See also the Explanatory Notes to the 2020 at p13 [67]-[70] and p42 [315]-[318] which can be found here. 

It is important to note that the Coronavirus Act 2020 is not retrospective (GN36, page 3). Therefore, where the person died before 25 March 2020 and their inquest was opened before that date, there will need to be a jury, but not if the inquest was opened on 25 March or thereafter. 

There may, however, be circumstances that do trigger the requirement for an inquest to be held with a jury, such as where the death occurs in custody and the deceased, whilst suffering from COVID-19, dies an unnatural death. 

7) What happens to outstanding Prevention of Future Death reports? 

GN34 [10] invites coroners to recognise the primary clinical commitments of medical professionals. As far as responses to existing PFD reports are concerned, it is suggested that “Coroners may wish to proactively review outstanding PFD responses and write to some recipients, as they see appropriate, inviting an extension. However, there should be no blanket policy of extension for all PFD reports – many recipient organisations, individuals or businesses have nothing to do with the COVID-19 response and are continuing to work in as normal a way as possible.” 

8) Can additional coroners be appointed to deal with any increased number of cases? 

GN34 [11]-[15] sets out options for the appointment of additional assistant coroners, including re-appointment of retired assistants as well as new appointments (which may not be subject to open competition). GN34 [14] promises an update to senior coroners and local authorities in relation to “a number of avenues” being pursued “to widen the pool of assistant coroners”. 

9) How is COVID-19 likely to be recorded in the cause of death? 

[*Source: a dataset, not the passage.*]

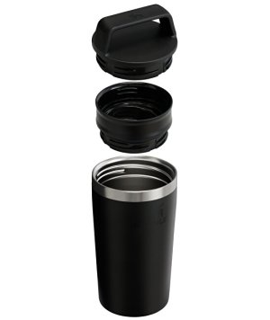 Nerezový Termohrnek The Café-To-Go Travel Mug v černé barvě - na sport, na pláž, do posilovny, do auta, na dovolenou. Tam všude se vám STANLEY 1913 Termohrnek The Café-To-Go může hodit. Svojí praktičností, praktickým madlem na nošení a dostatečným objemem. Lze jej mýt v myčce nádobí a má veškerou odolnost, na kterou se u značky Stanley 1913 můžete spolehnout. Uvnitř tohoto designového kousku se skrývá robustní konstrukce z potravinářské nerezové oceli s dvoustěnnou vakuovou izolací, která udržuje nápoje chladné až 5 hodin nebo horké 4 hodiny. Unikátní systém umožňuje použít buď jen jedno nebo obě víčka:

GN34 [19] states that “COVID-19 is a naturally occurring disease and therefore is capable of being a natural cause of death.” Therefore, where an inquest is held and the cause of death is found to be COVID-19, box 4 on the record of inquest is likely to read “natural causes” (see the Record of an Inquest form attached to the Chief Coroner’s Guidance Note No. 17). 

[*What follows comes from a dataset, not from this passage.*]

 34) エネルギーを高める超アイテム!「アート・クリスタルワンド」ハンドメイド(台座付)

10) What happens to non-COVID-19 deaths? 

At present, deaths that are referred to the coroner are going through the usual processes, which can include investigation and inquests. However, coroners and coroners’ officers are under severe pressures due to COVID-19 related deaths, their own illness or self-isolation, or their own care commitments. As such there are likely to be long delays, breaching the Chief Coroner’s 12 month target for completing an inquest. This is recognised by the Chief Coroner [10]. 

11) What happens if there is a death in prison or otherwise in state detention? 

Under s.1 CJA 2009 coroners are required to open an inquest into deaths in prison or otherwise in state detention, even if it is a natural death. Following R (Tainton) v HM Senior Coroner for Preston and West Lancashire [2016] EWHC 1396 (Admin) there is no need for a jury when the death is from natural causes. It will be necessary for the coroner to open an investigation but delay the inquest until the pandemic has passed ([38]-[41] and [23](ix)). 

The Chief Coroner continues to keep these issues under constant review in a significantly altered –and rapidly changing – legal landscape. It would therefore be helpful to keep a close eye on the Chief Coroner’s Guidance, Advice and Lawsheets website for further updates.